(java) SNAP-based application won't make full use of 50 Go of RAM

SDufourBeausejour · August 4, 2017, 2:13am

Hi all !

I’ve successfully built an executable jar of a java maven project which uses the SNAP software. This runs fine on a Windows machine, on a Mac machine, etc.

We’re now running it on a Google Cloud virtual machine which we’ve given 50 Go of RAM with 8 processors. We expected our processing to run much more quickly, because usually we run it on a 16Go 8 core computer. But it’s taking quite a while, and monitoring shows that the processing is using only one core at 100% and the RAM at only 5 Go.

Adding the arguments below push the RAM usage to max 15Go.

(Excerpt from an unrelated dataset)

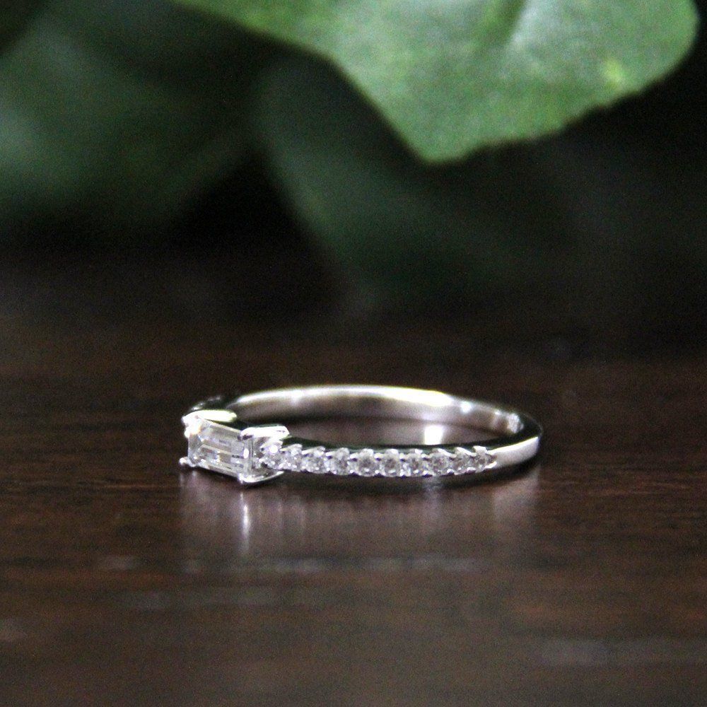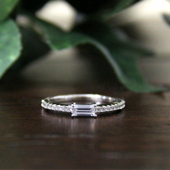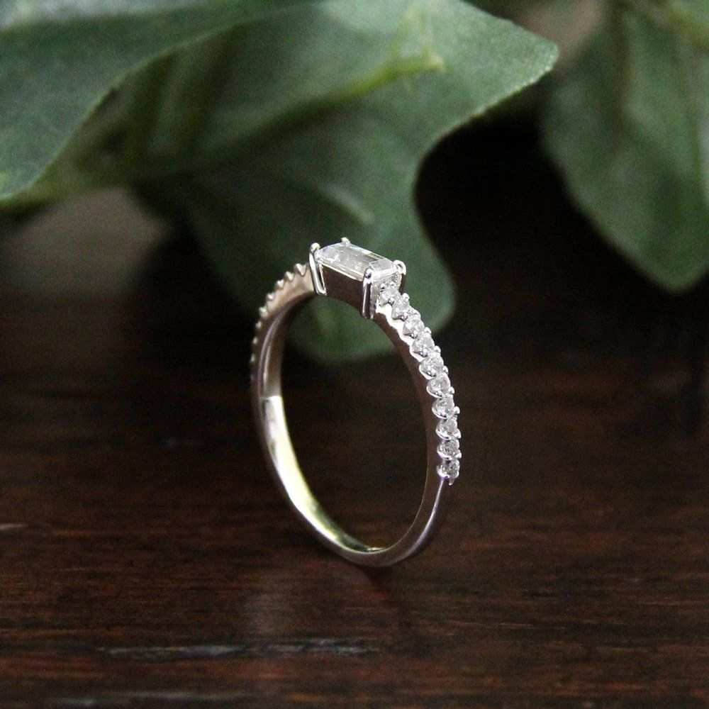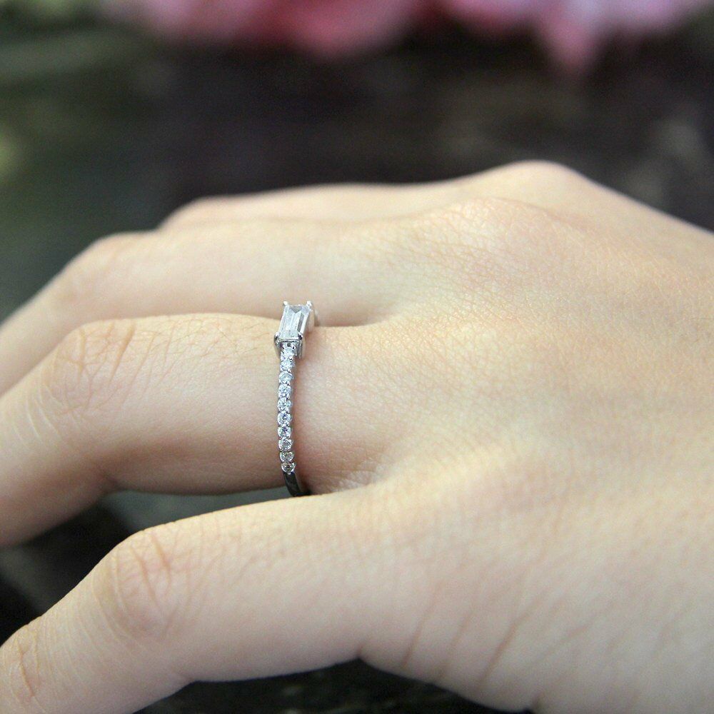 Solitaire Engagement Band Ring 0.5ct Baguette Cut Diamond 14k White Gold Finish
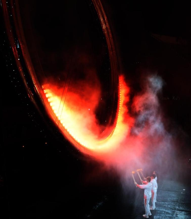 这意味着,火炬塔的“燃烧”效果,需要根据天气、风力实时调整水雾量和灯光亮度,其难度远超想象。“有的时候雾大了不像火,小了又没气势”,郎昆导演补充道,“我们用半年时间反复试验,才终于找到了那个最完美的比例。”

java -Xms32G -Xmx45G -XX:AggressiveOpts -Dsnap.parallelism=8

Is there any way to speed up the computation, or have we reached the limit ? Is the SNAP KMeans Cluster Analysis parallelized ?

Kind regards,

SDB

Code :

TonioF · August 4, 2017, 2:18pm

Yes, the KMeans Op is parallelized. So, it is the same code that runs in parallel on your desktop computers but not on the VM? Is ist lower in the VM?

CGPolar · August 4, 2017, 2:34pm

I am collaborating on this work. To answer your question, it is the same code that we used on out desktop computers that we run on our VM. Once it gets to the K-Means processing, all efforts are then directed to one core, whatever the machine we run it onto. RAM usage reaches a comparable max usage for both desktops and the VM, which makes us think the issue may not actually be related to memory.

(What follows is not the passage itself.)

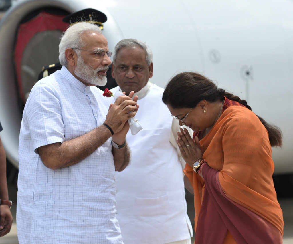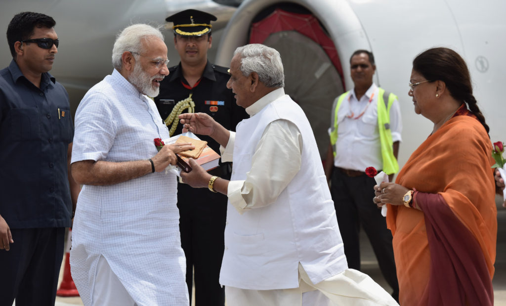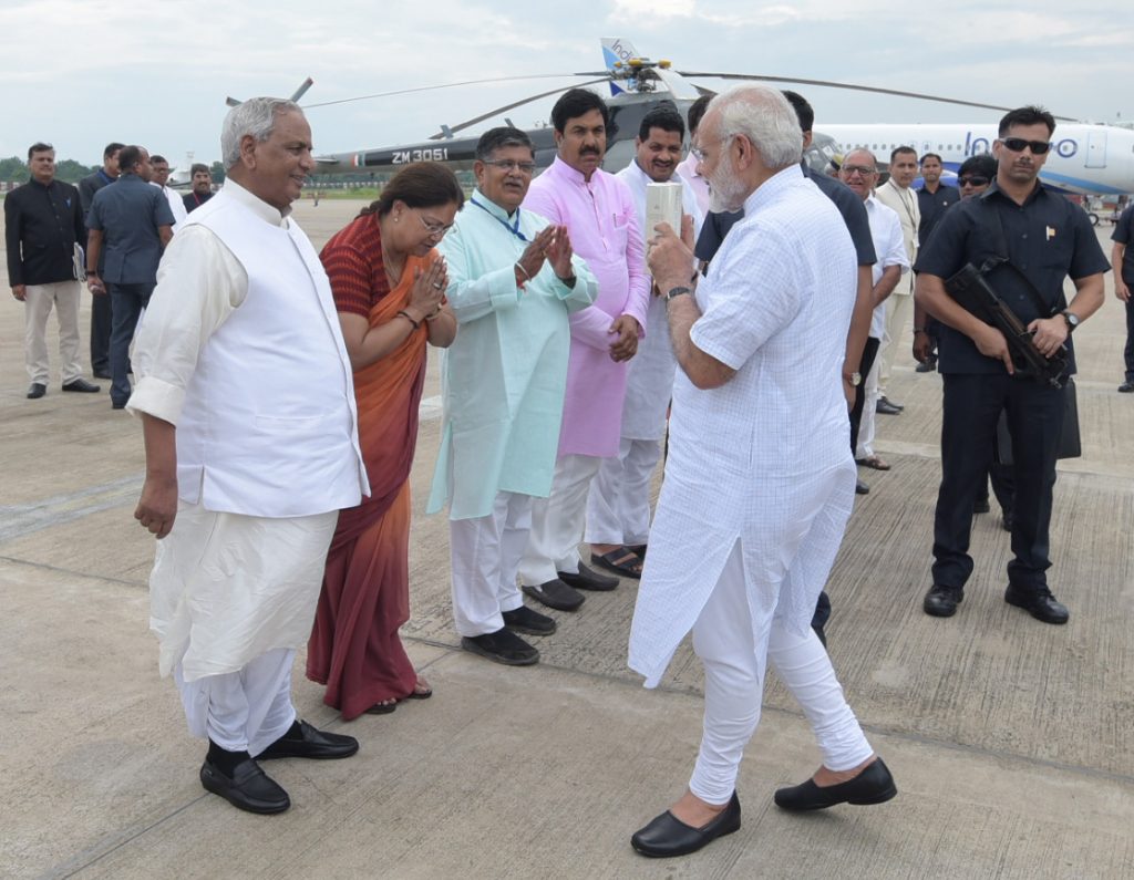 The Prime Minister, Shri Narendra Modi being received by the Governor of Rajasthan, Shri Kalyan Singh and the Chief Minister of Rajasthan, Smt. Vasundhara Raje Scindia, on his arrival, at Udaipur, in Rajasthan on August 29, 2017.

TonioF · August 7, 2017, 4:06pm

Okay, I had another look: Some parts of the KMeansOp is parallelized, but there is a part that is not that might take some of the work. In this case, the parallelization would only occur at the end of the processing. Is that the case? Or is there really just the one core used all the time?

SDufourBeausejour · August 14, 2017, 9:13pm

Hi Tonio, I tried to monitor ressources during a run of the classification. I’m not super handy with the windows performance analyzer tool, but from what I gather C1 state shows if a core is being used or not. Here’s a summary of what cores are being used during the processing. All cores seem to be involved in reading and subsetting the different products, and in the beginning of the classification. This activity lasts a couple of seconds. Then, for 4h the activity looks like one of the three examples I put. I didn’t notice anything different happening at the end, so if it did it was brief. There seems to be either 1 or up to sometimes 3 cores involved in the classification.

Like I said, this is not my expertise so if this is a bad metric to document what we are interested in please let me know.

mzuehlke · August 16, 2017, 3:32pm

Hello,

The main work of the K-Means clustering is done single threaded. The memory requirement isn’t very high.
As the algorithm is an iterative approach it reads in each iteration all pixel and computed the cluster center until the result converges or the maximum number of iteration is reached.

While the iterations have to happen sequentially, in each iteration there are some parts of the algorithm that can be done in parallel e.g. the computation of the closest cluster centers. But the current implementation does not do this.

An approach we are using in such cases is to compute multiple jobs on the same machine, each using only 1 or 2 cores. If the number of products is bigger than the number of nodes this will shorten the overall time.

SDufourBeausejour · August 16, 2017, 3:42pm

Thank you for your insight, this is an interesting idea (to run multiple jobs on the same computer). I will most certainly keep that in mind when I have a list of classifications to do !